## What is needed
Transcribe the listing exactly, leaving out every picture.

## Data records
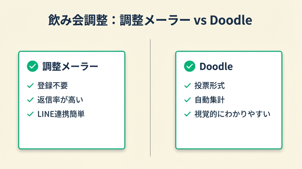 飲み会など親しい間柄では調整メーラー、取引先を含む半公式な集まりには Doodle の有料版が向いています。「参加者に対してどの程度の丁寧さが必要か」で使い分けてください。
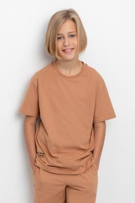 Трикотажная футболка прямого силуэта из 100% натурального хлопка. У изделия удлиненная спинка, небольшие разрезы в боковых швах. Оригинальная набивка выполнена из стойких текстильных красителей. Футболка сохраняет цвет и форму после многократных стирок.Все трикотажные полотна производятся в соответствии с нормами Швейцарского сертификата ЭкоТекс.
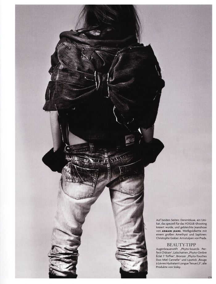 Le Printemps-Eté 2010 sera Denim ou ne sera pas! Dans le Vogue Germany de mai 2010, le mannequin Catherine McNeil pose tout de jeans vêtue pour les photographes Indlekofer & Knoepfel.
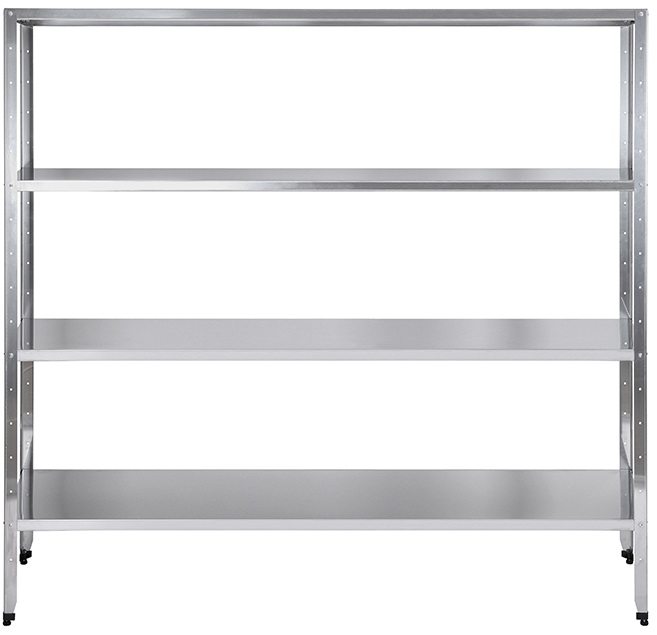 Универсальный кухонный стеллаж Люкссталь СР-1800х1500х400/4 нерж. используется в производственных помещениях, на предприятиях общественного питания и супермаркетах для хранения инвентаря и продуктов питания.
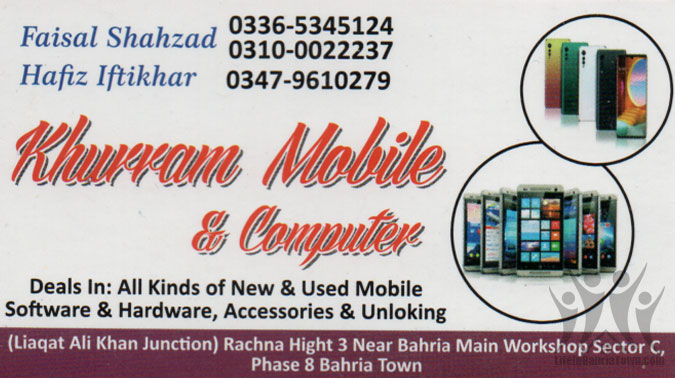 khurram Mobile & Computer Faisal Shahzad Mobiles and Computers 03365345124 03365*** show Bahria Town, Phase 8, Rawalpindi Save Submit Review Share Share This Post: facebook twitter linkedin google pinterest Photos Description All kinds of new and used Mobile Software & Hardware, Accessories & Unloking Add Review & Rate Reply comment Cancel replyName Email Save my name, email, and website in this browser for the next time I comment. Be the first to review “khurram Mobile & Computer” Cancel reply Quality Location Service Price Name Email Save my name, email, and website in this browser for the next time I comment. Review Drop images to upload or Gallery Images Maps Map Get Directions Close Business Info Get Directions Bahria Town, Phase 8, Rawalpindi 03365345124 03365*** show Today Open 10:00 am - 12:00 am Monday10:00 am - 12:00 amTuesday10:00 am - 12:00 amWednesday10:00 am - 12:00 amThursday10:00 am - 12:00 amFriday10:00 am - 12:00 amSaturday10:00 am - 12:00 amSunday10:00 am - 12:00 am Nearby listings Find more Mobiles and Computers near khurram Mobile & Computer Browse Nearby Bakeries Boutiques & Tailors Cash & Carry Cosmetic Education Electronics Eye Fast Food Garments General Store Hardware & Sanitary Health Clinics Home Services Jewelry Meat Shops Optics Pharmacy Real Estate Services Shopping Spa & Saloon Sports & Stationery Travel & Tour Show all Statistic 236 Views May 18, 2023
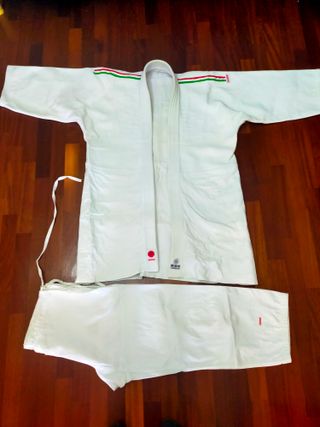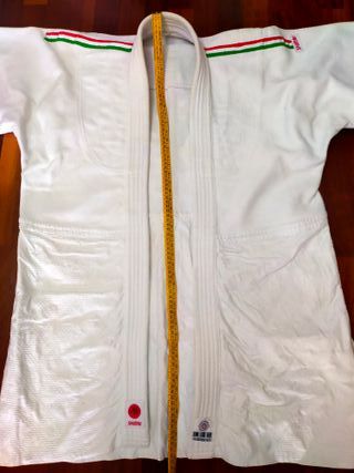 Vendo judogi SHIMAI originale, acquistato a metà anni ’90 presso Ju‐Te Sport, storico negozio specializzato di Milano. Modello old‐school, molto robusto, (peso 2kg/2.2kg) categoria agonistico 900–950 g/m2 con trama a chicco di riso su tutta la parte superiore, bavero e colletto rinforzati, cuciture nella parte posteriore. Qualità costruttiva superiore ai judogi moderni leggeri. - Ideale per pratica tradizionale, allenamento avanzato o collezione. - Condizioni ottime per l’età, nessuno strappo o scucitura. Judogi di qualità come questo non si trovano più facilmente: costruzione solida, stile classico e grande durata.
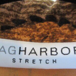 Sag Harbor Autum Colors polyester n spandex LS blouse, size XL. The texture of this fabric is very soft; there also seems to be a sort of woven texture, making it look foe polished. This is a beautiful, lined and detailed blouse for a bigger size, and just in time for Fall! Warm yet light, washes and travels well.
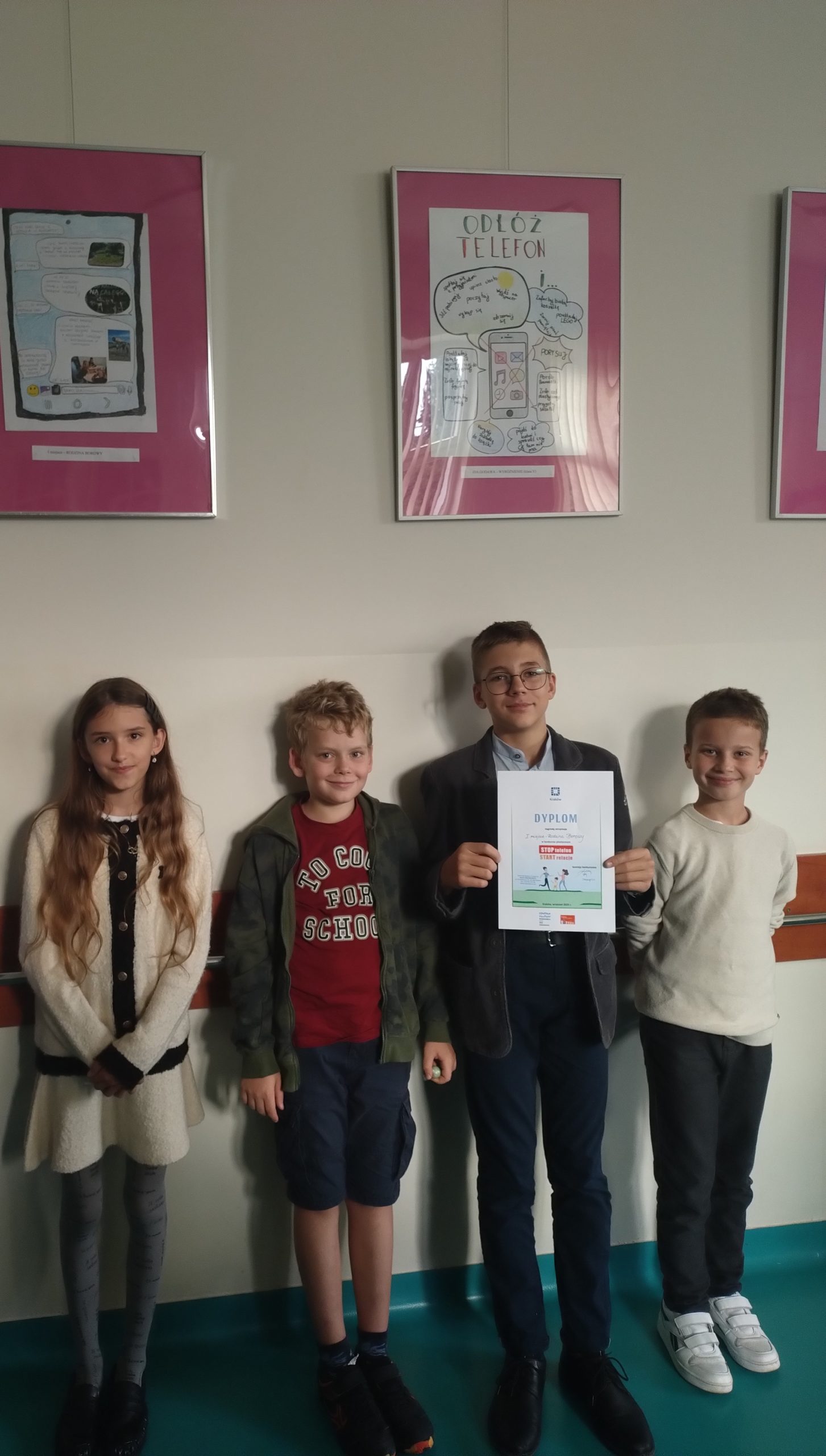 16 września 2025 r. w centrum Kultury Podgórza – Klub Soboniowice odbyło się uroczyste wręczenie nagród laureatom gminnego konkursu „Stop telefon – włącz relacje”, którego organizatorem byli: Centrum Kultury Podgórza – Klub Soboniowice oraz Pełnomocnik Prezydenta Miasta Krakowa ds rodziny. Spośród 186 zgłoszonych prac, aż 8 uczniów naszej szkoły zostało docenionych.
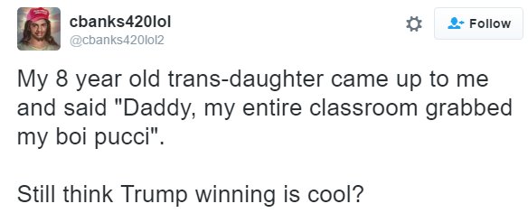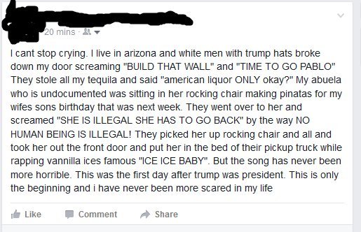 Again, you might want to put away the broad brushes there if you want us to as well.https://www.splcenter.org/hatewatch/2016/11/11/over-200-incidents-hateful-harassment-and-intimidation-election-day …
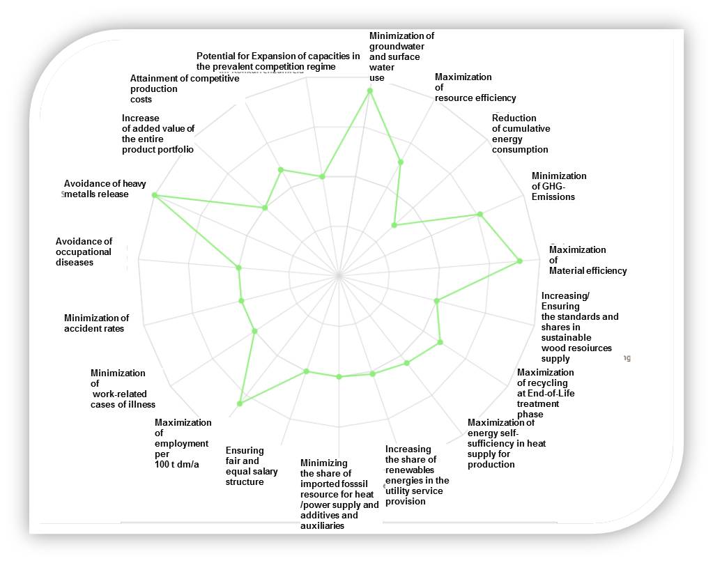 Zur Nachhaltigkeits-orientierten Unterstützung der Implementierungsplanungen derartiger industrieller Netzwerke hinsichtlich des Einsatzes von zukunfts-orientierten Lösungen aus F&E-Entwicklungsaktivitäten und technological upscaling, werden Ansätze aus der Entscheidunganalyse, der Stoffstromanalyse und der Lebenszyklus-bezogenen Nachhaltigkeitsbewertung (LCSA) in einer Methodik zur Multi-Kriteriellen Entscheidungsanalyse zusammengeführt und in der Bewertung von Entscheidungsoptionen zur zukünftigen Energie- und Stoffstromintegration angewendet.
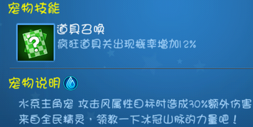 水系主角宠,攻击风属性目标时造成30%额外伤害
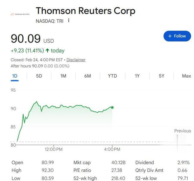 到收盘,汤森路透涨11.4%,FactSet涨5.9%,DocuSign和LegalZoom涨约2.6%。
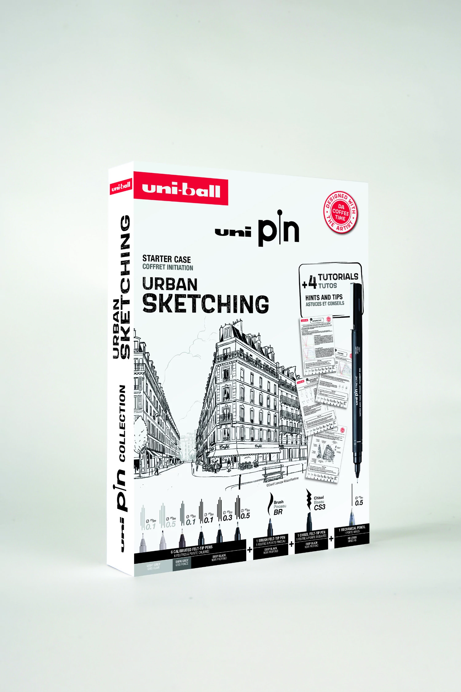 - URBAN SKETCHING COLLECTION box (8db PIN rajzmarker, egy mecahnikus ceruzát és útmutatót tartalmaz)
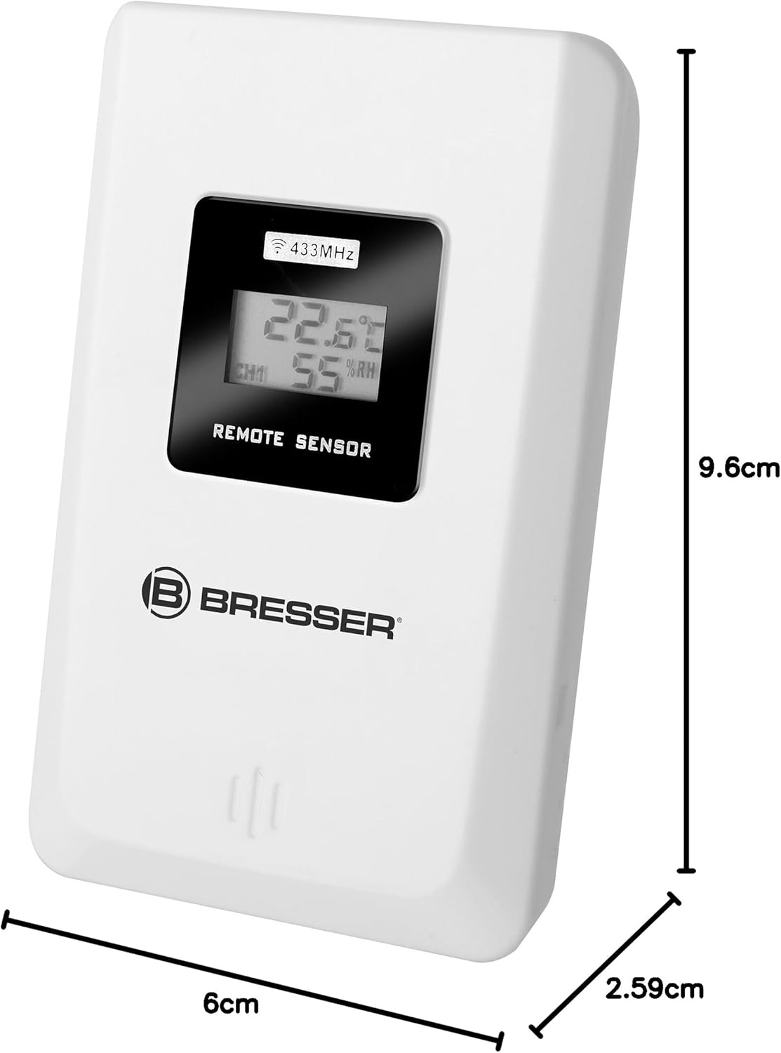 - Der Aussensensor sendet auf 433 Mhz Frequenz und hat im freien eine Reichweite von bis zu 50 Meter. Es können 3 verschiedene Kanäle eingestellt werden, um mehrere Sensoren mit einer Wetterstation zu verbinden.
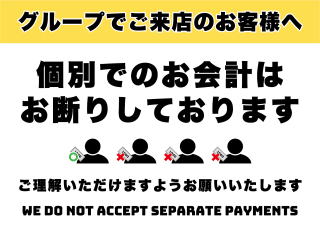 当店では個別でのご精算はお断りさせていただいています。
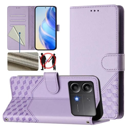 Funda de Cuero Rfid con Relieve de Panal para Xiaomi Poco X6 Neo 5G (Morado Claro)
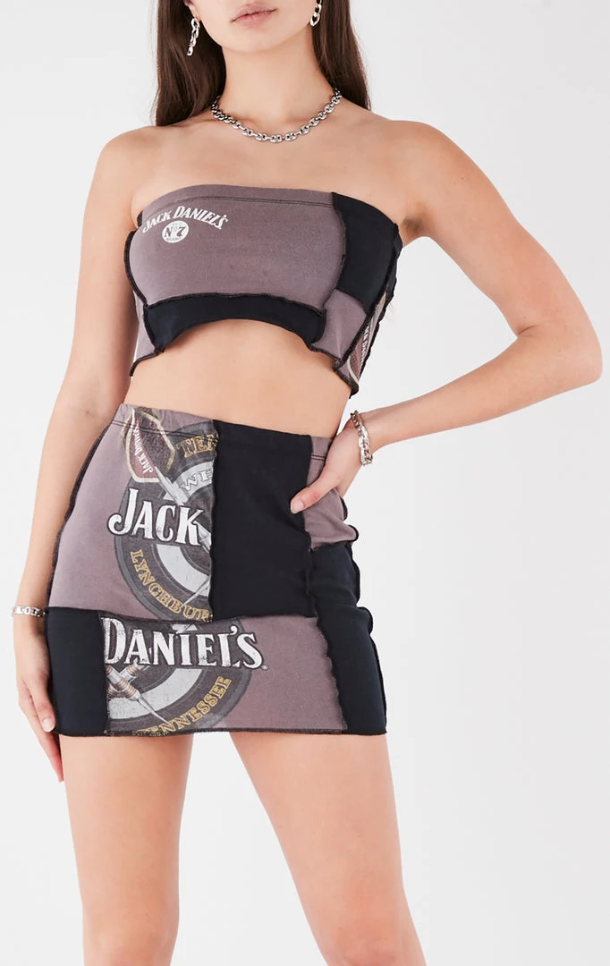 This one-of-a-kind setĀ was crafted from vintageĀ Jack Daniels tee pieces sourced all over the USA. Furst of a Kind reworked them and spliced them together creating a two-piece set with a fit to flatter.Ā Ā
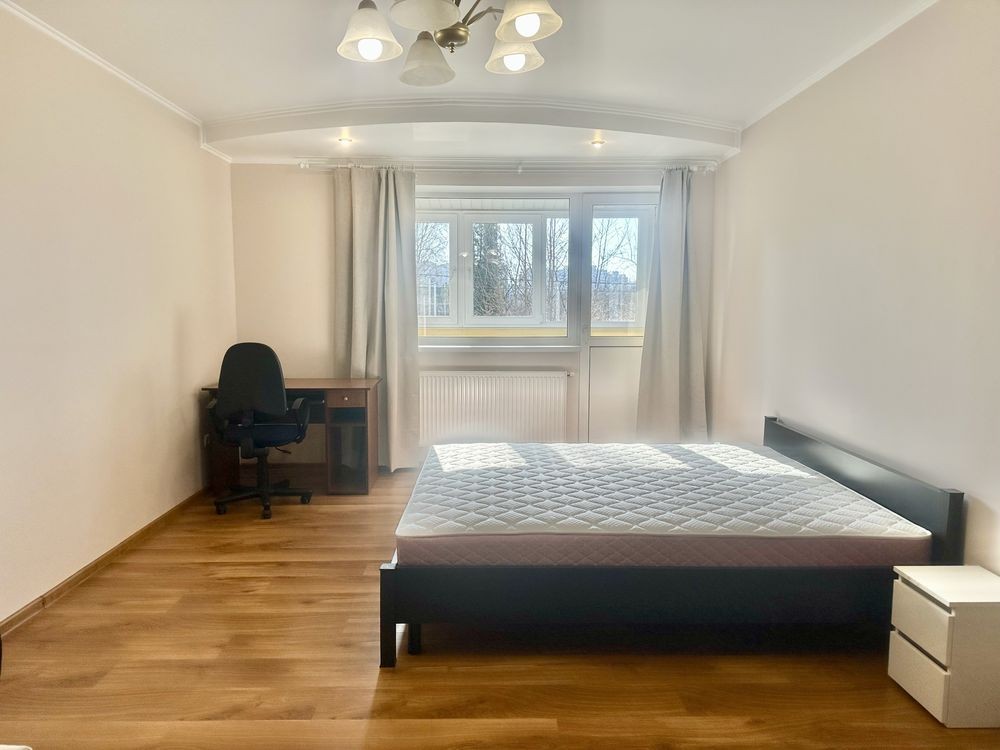 * Простора кімната з двоспальним ліжком (новий матрац), розкладним диваном, робочим місцем. Вихід на засклений балкон.

## Finished exercise
 飲み会など親しい間柄では調整メーラー、取引先を含む半公式な集まりには Doodle の有料版が向いています。「参加者に対してどの程度の丁寧さが必要か」で使い分けてください。
 Трикотажная футболка прямого силуэта из 100% натурального хлопка. У изделия удлиненная спинка, небольшие разрезы в боковых швах. Оригинальная набивка выполнена из стойких текстильных красителей. Футболка сохраняет цвет и форму после многократных стирок.Все трикотажные полотна производятся в соответствии с нормами Швейцарского сертификата ЭкоТекс.
 Le Printemps-Eté 2010 sera Denim ou ne sera pas! Dans le Vogue Germany de mai 2010, le mannequin Catherine McNeil pose tout de jeans vêtue pour les photographes Indlekofer & Knoepfel.
 Универсальный кухонный стеллаж Люкссталь СР-1800х1500х400/4 нерж. используется в производственных помещениях, на предприятиях общественного питания и супермаркетах для хранения инвентаря и продуктов питания.
 khurram Mobile & Computer Faisal Shahzad Mobiles and Computers 03365345124 03365*** show Bahria Town, Phase 8, Rawalpindi Save Submit Review Share Share This Post: facebook twitter linkedin google pinterest Photos Description All kinds of new and used Mobile Software & Hardware, Accessories & Unloking Add Review & Rate Reply comment Cancel replyName Email Save my name, email, and website in this browser for the next time I comment. Be the first to review “khurram Mobile & Computer” Cancel reply Quality Location Service Price Name Email Save my name, email, and website in this browser for the next time I comment. Review Drop images to upload or Gallery Images Maps Map Get Directions Close Business Info Get Directions Bahria Town, Phase 8, Rawalpindi 03365345124 03365*** show Today Open 10:00 am - 12:00 am Monday10:00 am - 12:00 amTuesday10:00 am - 12:00 amWednesday10:00 am - 12:00 amThursday10:00 am - 12:00 amFriday10:00 am - 12:00 amSaturday10:00 am - 12:00 amSunday10:00 am - 12:00 am Nearby listings Find more Mobiles and Computers near khurram Mobile & Computer Browse Nearby Bakeries Boutiques & Tailors Cash & Carry Cosmetic Education Electronics Eye Fast Food Garments General Store Hardware & Sanitary Health Clinics Home Services Jewelry Meat Shops Optics Pharmacy Real Estate Services Shopping Spa & Saloon Sports & Stationery Travel & Tour Show all Statistic 236 Views May 18, 2023
 Vendo judogi SHIMAI originale, acquistato a metà anni ’90 presso Ju‐Te Sport, storico negozio specializzato di Milano. Modello old‐school, molto robusto, (peso 2kg/2.2kg) categoria agonistico 900–950 g/m2 con trama a chicco di riso su tutta la parte superiore, bavero e colletto rinforzati, cuciture nella parte posteriore. Qualità costruttiva superiore ai judogi moderni leggeri. - Ideale per pratica tradizionale, allenamento avanzato o collezione. - Condizioni ottime per l’età, nessuno strappo o scucitura. Judogi di qualità come questo non si trovano più facilmente: costruzione solida, stile classico e grande durata.
 Sag Harbor Autum Colors polyester n spandex LS blouse, size XL. The texture of this fabric is very soft; there also seems to be a sort of woven texture, making it look foe polished. This is a beautiful, lined and detailed blouse for a bigger size, and just in time for Fall! Warm yet light, washes and travels well.
 16 września 2025 r. w centrum Kultury Podgórza – Klub Soboniowice odbyło się uroczyste wręczenie nagród laureatom gminnego konkursu „Stop telefon – włącz relacje”, którego organizatorem byli: Centrum Kultury Podgórza – Klub Soboniowice oraz Pełnomocnik Prezydenta Miasta Krakowa ds rodziny. Spośród 186 zgłoszonych prac, aż 8 uczniów naszej szkoły zostało docenionych.
 Again, you might want to put away the broad brushes there if you want us to as well.https://www.splcenter.org/hatewatch/2016/11/11/over-200-incidents-hateful-harassment-and-intimidation-election-day …
 Zur Nachhaltigkeits-orientierten Unterstützung der Implementierungsplanungen derartiger industrieller Netzwerke hinsichtlich des Einsatzes von zukunfts-orientierten Lösungen aus F&E-Entwicklungsaktivitäten und technological upscaling, werden Ansätze aus der Entscheidunganalyse, der Stoffstromanalyse und der Lebenszyklus-bezogenen Nachhaltigkeitsbewertung (LCSA) in einer Methodik zur Multi-Kriteriellen Entscheidungsanalyse zusammengeführt und in der Bewertung von Entscheidungsoptionen zur zukünftigen Energie- und Stoffstromintegration angewendet.
 水系主角宠,攻击风属性目标时造成30%额外伤害
 到收盘,汤森路透涨11.4%,FactSet涨5.9%,DocuSign和LegalZoom涨约2.6%。
 - URBAN SKETCHING COLLECTION box (8db PIN rajzmarker, egy mecahnikus ceruzát és útmutatót tartalmaz)
 - Der Aussensensor sendet auf 433 Mhz Frequenz und hat im freien eine Reichweite von bis zu 50 Meter. Es können 3 verschiedene Kanäle eingestellt werden, um mehrere Sensoren mit einer Wetterstation zu verbinden.
 当店では個別でのご精算はお断りさせていただいています。
 Funda de Cuero Rfid con Relieve de Panal para Xiaomi Poco X6 Neo 5G (Morado Claro)
 This one-of-a-kind setĀ was crafted from vintageĀ Jack Daniels tee pieces sourced all over the USA. Furst of a Kind reworked them and spliced them together creating a two-piece set with a fit to flatter.Ā Ā
 * Простора кімната з двоспальним ліжком (новий матрац), розкладним диваном, робочим місцем. Вихід на засклений балкон.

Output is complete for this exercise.